3.2. Evaluation Metric

In the performance evaluation of the model, both CSR and OSR performance should be considered comprehensively. This study employs three evaluation metrics: Normalized Accuracy (NA), Normalized F1 Score (NF1), and Youden’s Index (J) [12].

Normalized Accuracy (NA):

A_{u}

is defined as the proportion of correctly categorized unknown samples to the total number of unknown samples, as expressed in (16).

A_{k}

is defined as the proportion of correctly categorized known samples to the total number of known samples, as shown in (17). NA provides a comprehensive evaluation of both Close-Set and Open-Set Recognition performance, calculated as a weighted sum of

A_{k}

and

A_{u}

, as shown in (18).

A_{u} = \frac{T_{u}}{T_{u} + F_{u}}

(16)

A_{k} = \frac{\sum_{i = 1}^{N} (T P_{i} + T N_{i})}{\sum_{i = 1}^{N} (T P_{i} + F P_{i} + T N_{i} + F N_{i})}

(17)

N A = α A_{k} + (1 - α) A_{u}

(18)

In this case, TP, TN, FP, and FN stand for the true positives, true negatives, false positives, and false negatives of known samples, respectively.

α

is the weighting coefficient for

A_{k}

and

A_{u}

, with a range of (0, 1). Considering that the closed-set classification ability and the unknown class detection ability in the Open-Set Recognition task are of equal importance, this paper experimentally selects

α

= 0.5 to balance the contribution of both in the comprehensive evaluation.

Normalized F1 Score (NF1): The precision (P) and recall (R) harmonic means are called NF1. Unknown classes are treated as an extra simple class when used to assess the OSR task. It can be calculated using (21).

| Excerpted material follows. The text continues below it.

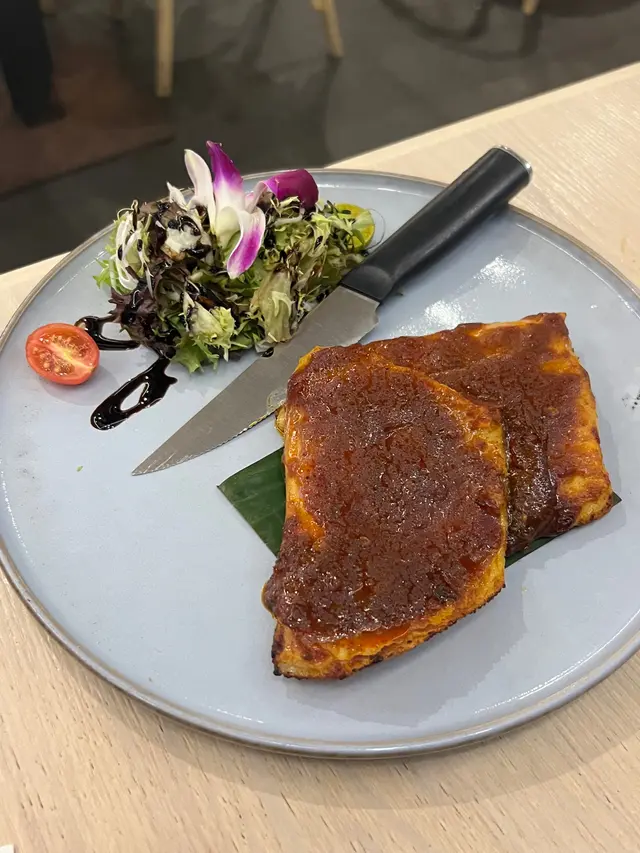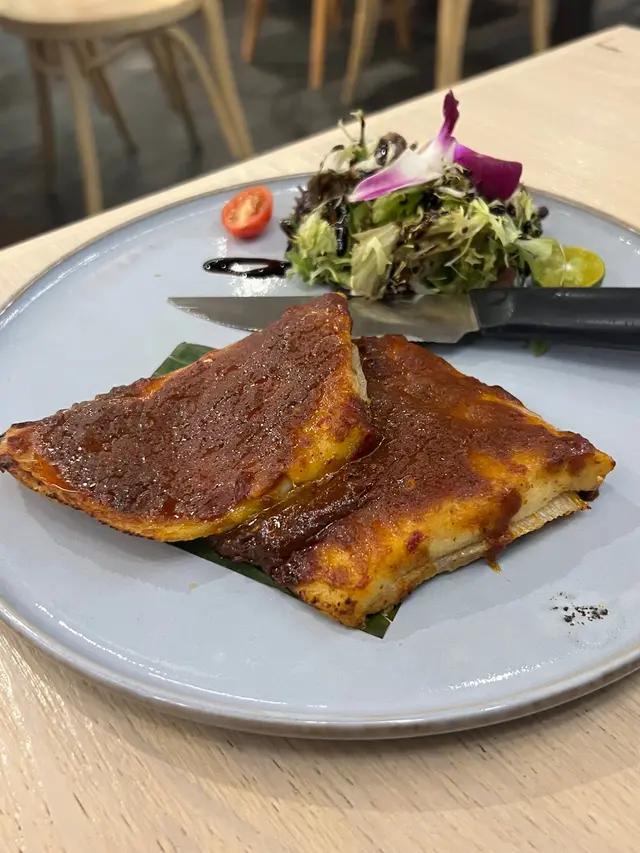 馬來參巴烤魔鬼魚$128,參巴醬是星加坡特色,味道濃郁帶點辣味,將魔鬼魚的味道層次提升。魔鬼魚的魚肉質地有點像魚翅,是一疏疏的軟骨和魚肉交替着。
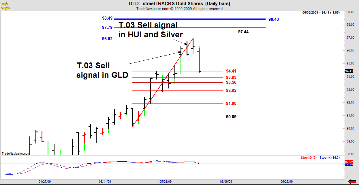 Friday’s T.03 Sell signal in GLD morphed into a standard DC reversal with a variance of just 5 ticks from the DC blue line. Monday’s Sell signals in HUI and Silver were a great heads up for the Sell signal here. Signals in others of the precious metals complex are valid for each other, such is the level of correlation in these markets.

P = \frac{1}{N} \sum_{i = 1}^{N} \frac{T P_{i}}{T P_{i} + F P_{i}}

(19)

R = \frac{1}{N} \sum_{i = 1}^{N} \frac{T P_{i}}{T P_{i} + F N_{i}}

(20)

N F 1 = 2 \frac{P \times R}{P + R}

(21)

Better categorization performance is indicated by higher NF1 values, which range from 0 to 1. Notably, NF1 is unaffected by changes in TN, although TN remains an important factor influencing OSR performance. To address this, Scherreik and Rigling proposed the use of the Youden’s index (J) for a more comprehensive evaluation of the unknown class, which is calculated from specificity (S) and recall (R) [33]. The definitions of S and J are given in (22) and (23), respectively. J denotes the ability of the algorithm to avoid failure, bounded by (−1, 1), with a higher value indicating a higher resistance to failure.

S = \frac{T N}{F P + T N}

(22)

J = S + R - 1

(23)

4. Experiment

4.1. CWRU Experimental Data and Task Description

The CWRU experimental setup [34] consists of a 1.5 KW (2HP) motor, a torque transducer and decoder, and a power meter, as shown in Figure 5. Due to the extremely large amount of data in the CWRU dataset, after consideration, this paper selects the acceleration dataset with a sampling frequency of 12 kHz, a load of 1 HP, and a drive end (DE), in which three damage diameters of the inner ring failure data, the outer ring failure data, and the rolling element failure data are selected, making a total of nine types of failure data and one type of normal data. Compared with the types of failures that may occur in actual rolling bearings, the 10 types selected in this paper, although limited in number, are sufficient to verify the feasibility and effectiveness of the OSR framework based on SMCPL-ECA-DPC proposed in this paper.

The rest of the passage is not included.